Если не брать неумолимых страниц Истории, памятные события в жизни обходятся, как правило, без памятных фраз. Умирающий силится вспомнить какую-то виденную в детстве картинку, солдаты перед боем болтают о пустяках или о своем сержанте. Наша встреча была невероятной, и мы, говоря начистоту, оказались к ней не готовы. Зачем-то перешли на литературу, и, боюсь, я не удержался от фраз, которые обычно говорю репортерам. Мой альтер эго верил в изобретение или открытие новых метафор, я — лишь в те, которые отвечают внутренним и общепринятым связям и с которыми давно свыклось воображение. Старость и закат, сон и жизнь, бег времени и реки. Я стал делиться с ним мыслями, которые через несколько лет изложил в книге.
Впрочем, он меня почти не слушал. И вдруг спросил:
— Но если вы действительно были мной, то как вы могли не запомнить встречу с пожилым господином, который в 1918 году уверял вас, что он — тоже Борхес?
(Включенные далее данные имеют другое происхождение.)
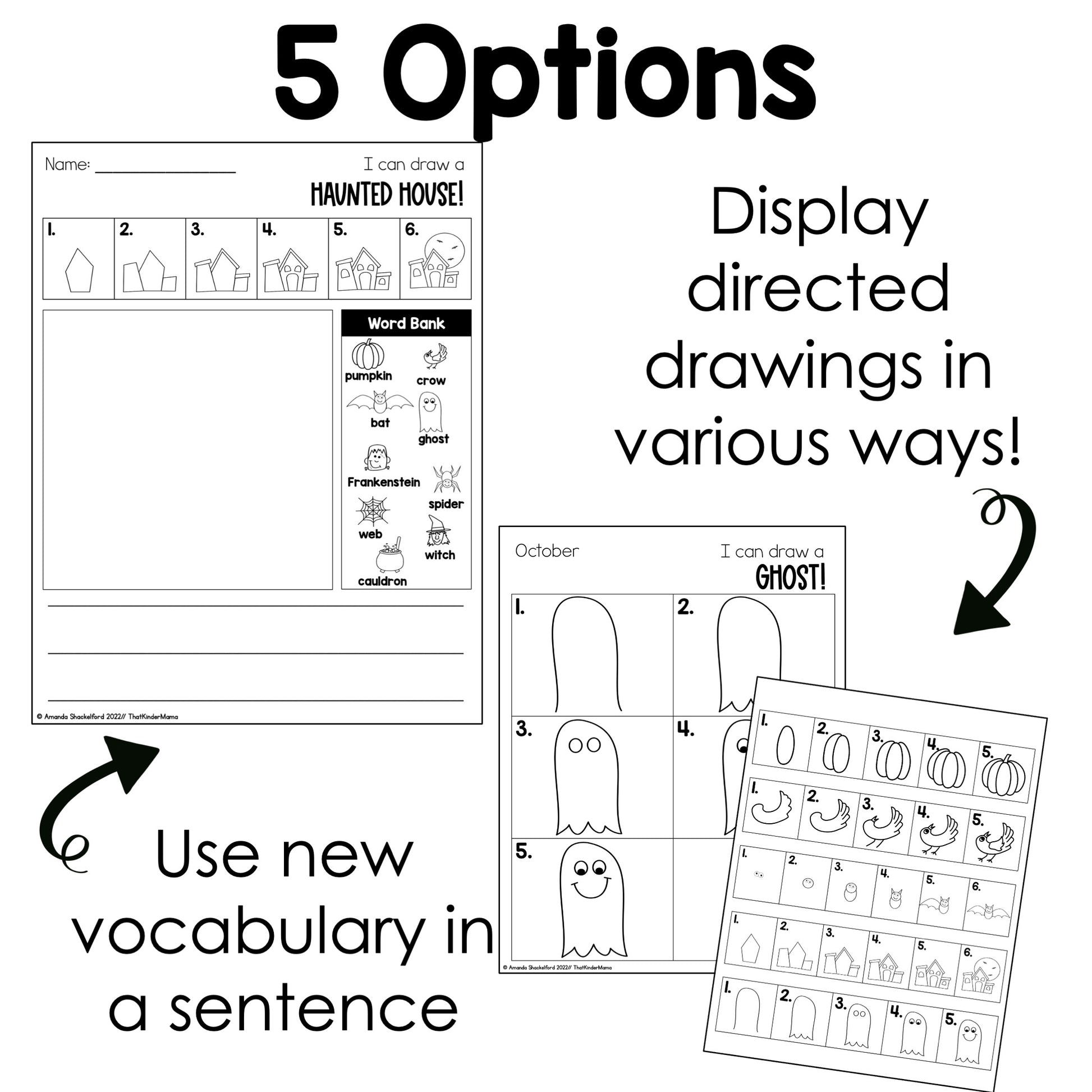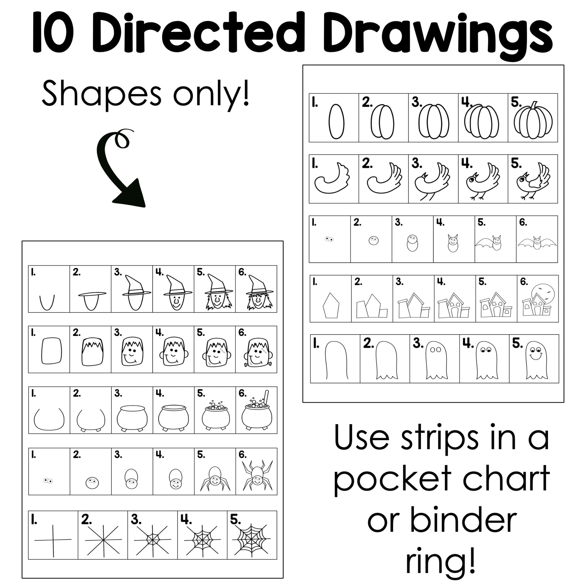 - 10 October directed drawings: pumpkin, crow, bat, haunted house, ghost, witch, frankenstein, cauldron, spider, spider web

Об этой загвоздке я не подумал. И ответил без большой уверенности:
— Может быть, происшествие было до того невероятно, что я постарался все забыть.
Он решился робко спросить:
— А на память вы не жалуетесь?
Я осознал, что для юноши, не достигшего и двадцати лет, человек за семьдесят выглядит мертвецом. И ответил:
— Она не слишком отличается от забвения, но пока еще удерживает то, чем ее отягощают. Я взялся изучать англосаксонский и считаюсь не последним учеником.
Для сновидения наша беседа длилась уже слишком долго. Вдруг меня осенило.
— Могу хоть сейчас доказать, — обратился я к нему, — что я — не твой сон. Вот послушай эту строку — ты ее никогда не читал, а я помню.
Я медленно прочитал знаменитый стих:
L’hydre-univers tordant son corps{220} écaillé d’astres[89].
И почувствовал, как он поразился и замер. Потом он вполголоса повторил ее, лаская губами каждое, чудесное слово.
— Да, — пробормотал он. — Мне ничего подобного не написать.
Гюго на минуту сблизил нас.
Перед этим он, помню, с жаром декламировал небольшую вещь Уитмена, где поэт вспоминает ту разделенную с другом ночь у моря, когда он был по-настоящему счастлив.
— Если Уитмен пишет о ней, — заметил я, — значит, он по ней томился, но так и не узнал ее наяву. Стихи задевают нас, когда в них угадываешь желание, а не отчет о случившемся.
Он смотрел на меня, потеряв дар речи.
— Нет, вы его не знаете, — в конце концов воскликнул он, — Уитмен не способен солгать.
Не напрасно нас разделяло полстолетия. Слушая наш разговор людей разного читательского опыта и вкусов, я почувствовал, что нам друг друга не понять. Слишком мы были разными, слишком похожими. Мы не обманывались друг в друге, а это всегда затрудняет диалог. Каждый из нас карикатурно передразнивал другого. Уродливая ситуация чересчур затянулась. Ни советы, ни спор ни к чему бы не привели: он был обречен стать мной.
Тут мне вспомнилась одна из колриджевских фантазий. Кому-то у него приснилось, что он побывал в раю и в доказательство этого получил цветок. Проснувшись, он сжимает цветок в руке.
Мне пришла в голову похожая выдумка.
— Послушай, — сказал я, — у тебя есть какие-нибудь деньги?
— Есть, — откликнулся он. — Франков двадцать. Сегодня вечером я позвал в «Крокодил» Симона Жиклинского{221}.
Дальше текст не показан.